Since CouchDb is inherently unstructured, there’s no global schema that you manage to control your data’s structure. That’s often a good thing, because it gives you flexibility, but it can also cause problems, for example when you want to access documents without handling against all sorts of different “versions” of your document you might have.

For example, say you have started out with an initial player document (we’re sticking with the RPG theme set in the Couchbase examples ;)):

{
  'version' : 1,
  'name:' : 'Player A',
  'xp': 1234
}

but you find during testing that you need to know a player’s level. You’ve decided that the level should always be xp/100 + 1 but you don’t want to recompute this all the time in code but rather store it in the document directly. For various other reasons you’ve also decided against creating a view and therefore you want to migrate all your documents to this format:

{
  'version' : 2,
  'name:' : 'Player A',
  'xp' : 1234,
  'level' : 13
}

Note that the initial document already included a version attribute that we’re using to keep track of our migrations but even if this weren’t the case from the start, it’s easy to simply treat documents without a version attribute as “version 0” so to speak and handle them similarly to the rest of this example.

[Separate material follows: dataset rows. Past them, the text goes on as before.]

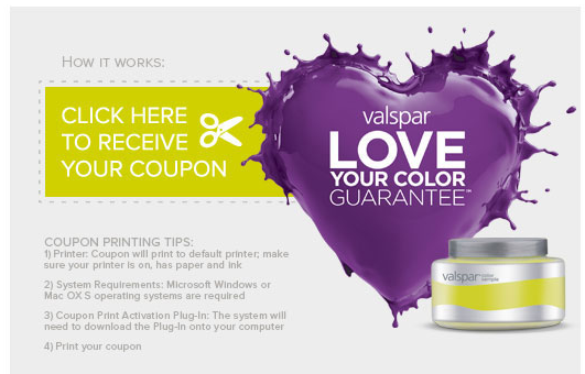Starting today, head on over to the Valspar Facebook Page, “like” them, and follow directions in the most recent wall post to get a coupon for a FREE 8 oz. Valspar Paint Sample at Lowes. Offer good to the first 150,000.
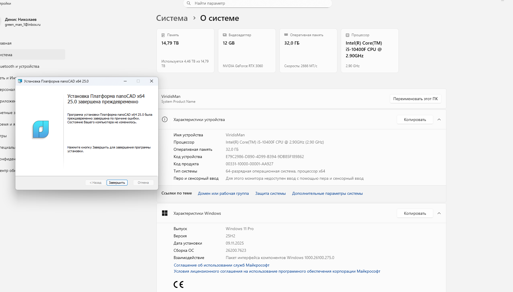 Доходит до финального этапа установки, далее откатывает ее и выдает критическую ошибку.
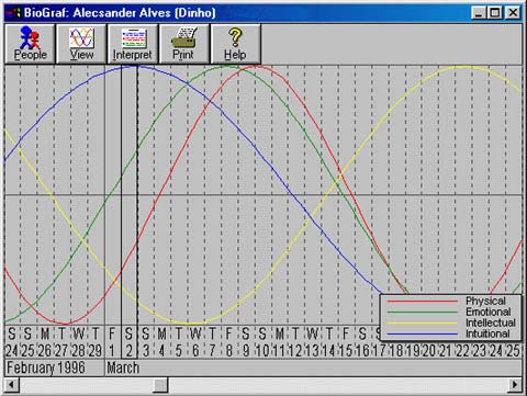 Na noite do dia 2 de Março de 1996, o Brasil foi abalado com a notícia do acidente aéreo que matou todos os componentes do grupo musical "Mamonas Assassinas", que alcançou um sucesso de público e vendas de discos até então inédito, em apenas 6 meses de carreira. No gráfico acima, analisamos as curvas do Bio-Ritmo do líder da banda, Alecsander Alves, o "Dinho", nascido em 05 de Março de 1971 (ou seja, faleceu 3 dias antes de seu 25.º aniversário). O Ciclo Emocional estava Crítico, enquanto o Físico e o Intelectual Negativos. A análise do piloto e co-piloto não foi possível, por não dispormos das respectivas datas de nascimento, bem como os demais músicos. Mas pelo que conhecemos até o momento, com certeza seus gráficos também não estavam "num dos melhores dias"...

So how do we migrate from version 1 to version 2 then?

The idea is to create a view that shows all old revision documents and process them until the view has no more items. The view would be defined with the following (trivial) map function:

function(doc) {
  if (doc.version && doc.version == 1) {
    emit(doc._id);
  }
}

Now it’s simply a matter of processing all items in this view, for example with the following python-couchdb method that takes a database object as a parameter:

def migrate_v1_v2(db):
  v1 = db.view('_design/migration/_view/v1')
  for row in v1.rows:
    doc = db[row.key]
    if doc['version'] == 1:
      doc['version'] = 2
      # we want to add the level stat, which is simply xp/100, starting from 1
      doc['level'] = doc['xp']/100 + 1
      db[doc.id] = doc

and where “v1” is the name of the view we defined above.

The complete example in the form of a unit test is available on github. The only dependency is python-couchdb. It should be trivial to translate this pattern to other client libraries. It might also be useful to extend this concept to a migration framework á la Ruby on Rails.